Q&A with Gordon Ownby

Watch, Count or Photograph – Here’s How to Make Feathered Friends

FormLA Landscaping client and hobby photographer Gordon Ownby regularly delights us with photos of the birds drawn to his garden – several of which we’ve shared with you!
With the Audubon’s annual Backyard Bird Count coming up February 18th, we asked Ownby to share some tips for making feathered friends.
When did you begin photographing birds? Why?

Ownby: I’ve been a hobbyist photographer since my college days and have spent most of my time photographing people in a genre called “street photography.” Working at home during the pandemic lockdown in 2020, however, I started to notice the wildlife passing through our front and back gardens.

I’ve realized that though the finished results look vastly different, there are many similarities between street photography and wildlife photography. Both often involve choosing a spot and waiting patiently for something to happen. Returning to a favorite location is also common to both. Finally, photographing birds, like people, requires quick action and rewards the photographer with truly candid images.
What sparked your interest?

Ownby: My interest started with hummingbirds – they are a great introduction to bird photography.

If you are in your garden a lot, the hummingbirds will grow accustomed to seeing you and and won’t mind sharing some quality time near you. Because they fly “still” when feeding and frequently take breaks, the chances of getting a nice sharp photo are pretty good.

Where do you take your photos? What is special about these spaces?

Ownby: Continuing a practice since lockdown, I take my camera into the front and back gardens almost daily. I like to believe that the visits by these little animals are a way of thanking us for creating a welcoming space for them.

Which birds do you see most often in your own garden?

Ownby: House Finches, Goldfinches (above, in the Ownby’s fountain), Anna’s and Allen’s Hummingbirds, White Crowned Sparrows (left), Dark-Eyed Juncos (below), Gnatcatchers, Mourning Doves, Ruby-Crowned Kinglet, plus an Asian exotic: the Red-Whiskered Bulbul.
I’ve also worked into my routine bringing my camera along hikes on the many trails up here in Foothills. Finding a trail with a lot “Lemonade” shrubs can often lead to encounters with Yellow-Rumped Warblers, wrens, and, (my particular favorite), the California Thrasher.

(FormLA Note: These birds are not alone! You may remember Ownby’s photo of an Allen’s Hummingbird resting its wings and clings to the edge of a Sugar Bush leaf.)
For a view of some spectacular large birds, I recommend bringing a camera or binoculars to the Sepulveda Basin Wildlife Reserve.
How do you catch these amazing moments?!?
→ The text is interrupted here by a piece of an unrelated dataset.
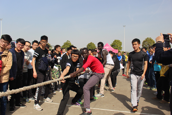 本次比赛共有二十四支队伍,分别为本科生留学生联队、研究生留学生联队、本科16、15、14级各班、研究生16级各班、硕士15级联队等,采用10人次对抗10人次的形式,即每只队伍每一局上场人数为10人次,考虑到实际情况,每局结束后可轮换人员,且要求每队上场比赛的10人中有8名男生,2名女生。比赛中参赛队员双手紧握长绳,团结一心,未参赛的同学自发组成啦啦队为参赛队员高喊加油,活动现场哨子声、呐喊声此起彼伏。本科16级来自南苏丹的留学生们个个人高马大,来自蒙古的研究生联队也是威武雄壮,留学生队伍的多次连胜将整个活动推向了高潮,现场气氛热烈。最终,本科生留学生联队一鼓作气夺得本次拔河比赛的冠军,硕士生留学生联队获得亚军,安全1601班获得季军,其他队伍分别获得了第四至八名、优胜奖、最佳组织奖以及友谊奖。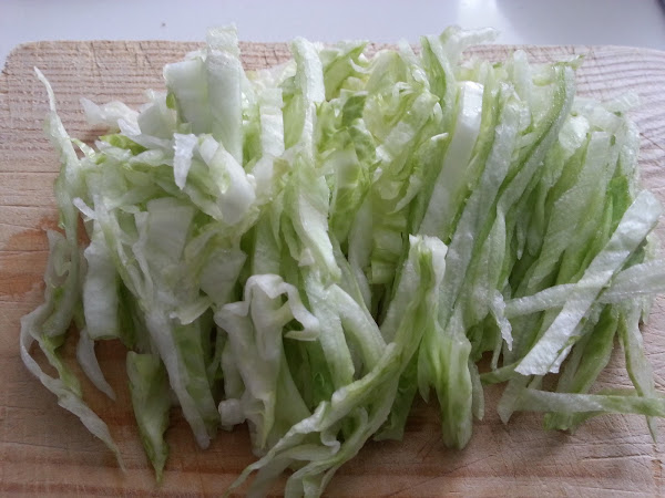 1. - Cortamos la lechuga en tiras muy finitas y reservamos.

Ownby: If you can hear chirping or singing, your chances of encountering a bird are pretty good. If your garden is silent, come back later.
Next, look for isolated movement among the branches and leaves of the trees and bushes – that’s a good sign that whatever bird is in there is not overly concerned about your presence and may “surface” for a photo op.

With time, both of these practices will become second nature whether in the garden or on the trail. Recently, I was hiking in the Foothills and was scanning for isolated movement among the foliage. When I did spot something, however, it was not a bird but an adolescent black bear feeding on some grass about 50 yards away. After snapping a few photos with the telephoto lens, we left the area, thankful that my first bear encounter was in such a natural setting.

Which photo is your favorite?

Ownby: The Ruby Crowned Kinglet (above). It seems to delight people and it conveys a sense of connection.

If you had to recommend one native plant for attracting birds, which would you choose?

Ownby: Our Toyons (above, hosting a matching house finch) provide good cover for birds most of the year and their holiday red berries guarantee some “snacking” bird photos in the late fall. The Ceanothus (California lilac) shrubs provide good cover for the Ruby Crowned Kinglet and White-Crowned Sparrows. The Sugar Bush keeps the hummingbirds busy… and everyone visits our fountain.
See more of Ownby’s nature photography @yourbirdfix in Instagram or explore nature and LA’s streets on his website. See the Ownby’s Songbird Paradise in Houzz.

About Gordon Ownby

Recently retired from a career as general counsel for a physicians’ organization, Southern California native Gordon Ownby now leans into his lifelong interest in photography. Training at the Santa Fe Photographic Workshops and classes at the Art Center College of Design public program inform his practice.